In other words, forget the notion that firms actually face a book of blueprints, and that they can substitute and change the structure of production with relative ease, according to changes in relative prices, and that somehow that, by affecting the relative supply and demand for capital (many capital goods) and labor, would determine distribution, since that is obviously highly improbable in reality. Choices are more limited, and substitution irrelevant, at best. The Cambridge, UK, economists (and not only the Marxists; most were some kind of Post Keynesian, as The Economist notes) and Harris knew better. Distribution is determined by the relative bargaining power of workers and capitalists.

Samuelson knew enough, math and theory, to know when he was wrong. Mr. Dixit thinks his mathematical knowledge puts him above the rabble [the so-called Marxists of Cambridge, and Mr.
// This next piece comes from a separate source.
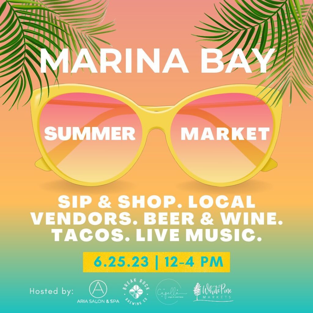 🗓️ THIS SUNDAY! Join us out on the boardwalk for a Summer Market, hosted by @white_pine_market_ ! Get excited for: A variety of amazing local vendors and artisans 🌮Food from @thiccysclub inside the taproom Live music from the Mike & Jessi duo, 1-4 PM Beer and wine to sip on while you shop! The market will take place inside and outside of @ariasalonspa @capellayoga & @breakrockbrewing We can’t wait! #summermarket #marinabay #beerandwine #sipandshop #tacos #livemusic #quincyma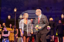 София (1 октомври 2023) Премиера на политическо сатирично кабаре „Долу народа!“ в Сатиричния театър. На снимката: Александра Сърчаджиева и Калин Сърменов.

Harris]. But what his letter [and the piece by The Economist] actually shows is lack of engagement with the theoretical argument, and, in contrast with Mr. Harris, an incredible amount of ideological bias. After all, the idea that distribution is according to effort, and that markets produce optimal outcomes is at play. It shouldn't be. He raised Malinvaud, I counter with Smith, which knew way less math than he does, for sure, but whose book is still worth reading.